Por todos os feitos memoráveis, ele foi um dos mais respeitados cidadãos da colônia, seja nas aventuras na floresta, seja no desempenho em guerra, seja na celebração da paz. Quando surge a notícia da existência de esmeraldas no Brasil, quem seria a pessoa mais qualificada para organizar a expedição? Fernão Dias.
O próprio rei escrevia ao ilustre súdito dando a ele o respeito, o incentivo e a autoridade para a desgastante e, aparentemente, promissora missão. Fernão Dias foi nomeado "Governador das Esmeraldas" sendo-lhe dado amplos poderes em nome do Rei.
Mas o que tudo isso tem a ver com o bairro de Pinheiros? Segundo Taunay (1977, 97), Fernão Dias Pais tinha uma fazenda em Pinheiros, a fazenda de Capão. Daí, além da pertinência do personagem com a cidade, ele tinha laços com a região onde hoje se encontra o bairro.
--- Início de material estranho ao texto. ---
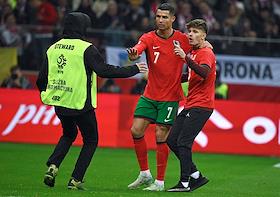 Лига наций УЕФА. Матч по футболу между сборными Польши и Португалии на Национальном стадионе. Игрок сборной Португалии Криштиану Роналду (в центре) во время матча.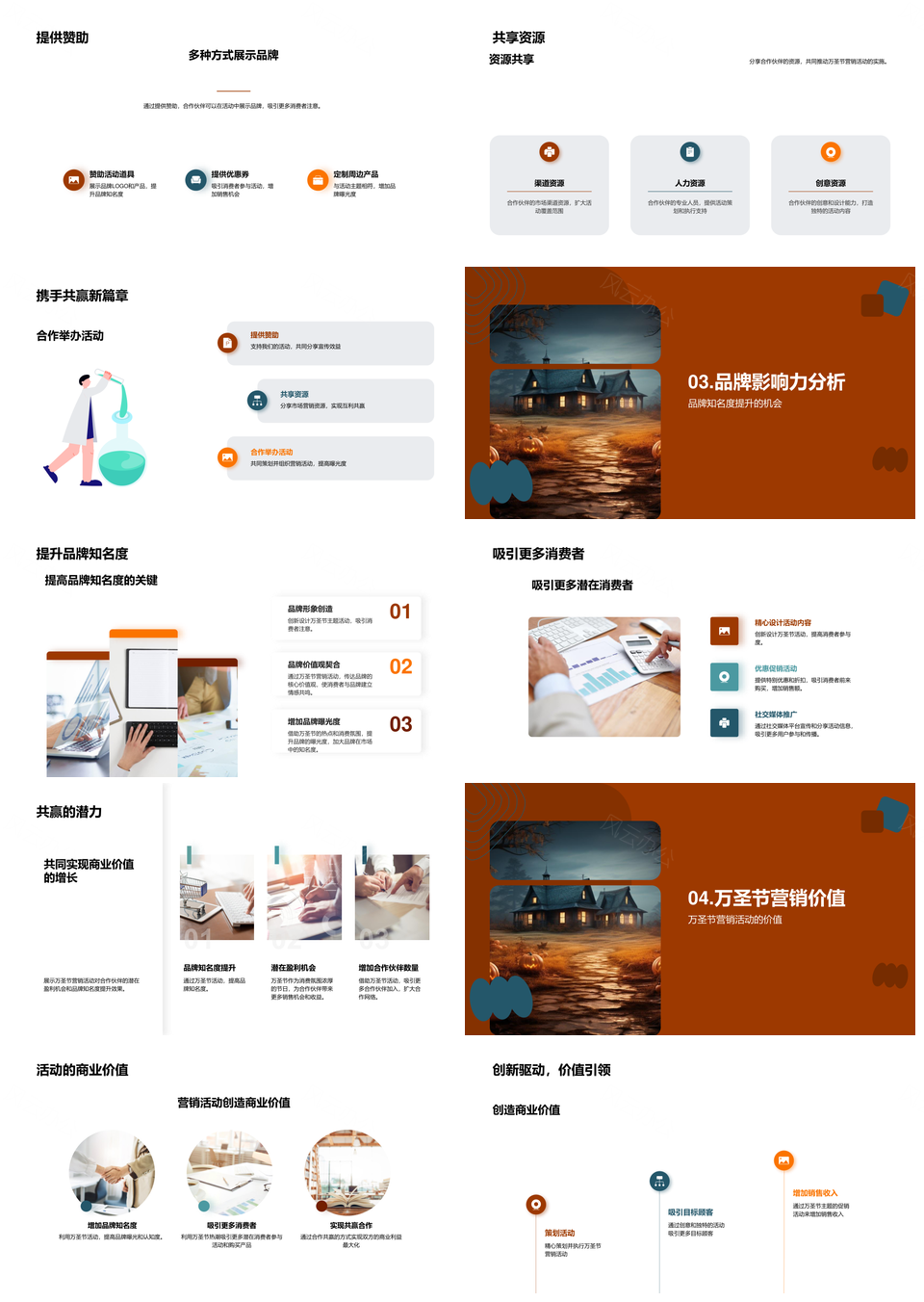 风云办公提供的万圣节营销伙伴联动品牌核心价值风暴PPT模板,下载格式为pptx,一共23页,作品中文字及图均可以修改和编辑,图片更改请在作品中右键图片并更换,文字修改请直接点击文字进行修改。

Rua Fernão Dias no Bairro de Pinheiros |
Na próxima oportunidade, tratar-se-á da expedição das esmeraldas.
Bibliografia:
FRANCO, Francisco de Assis Carvalho, Dicionário de Bandeirantes e Sertanistas do Brasil: Séculos XVI, XVII, XVIII, Belo Horizonte, Itatiaia, São Paulo: Ed. Universidade de São Paulo, 1989.
SETÚBAL, Paulo. A Bandeira de Fernão Dias, São Paulo: Cia Editora Nacional, 1983.
TAUNAY, Affonso de E.. A Grande Vida de Fernão Dias Pais, São Paulo, 3a edição, São Paulo: Melhoramentos, 1977.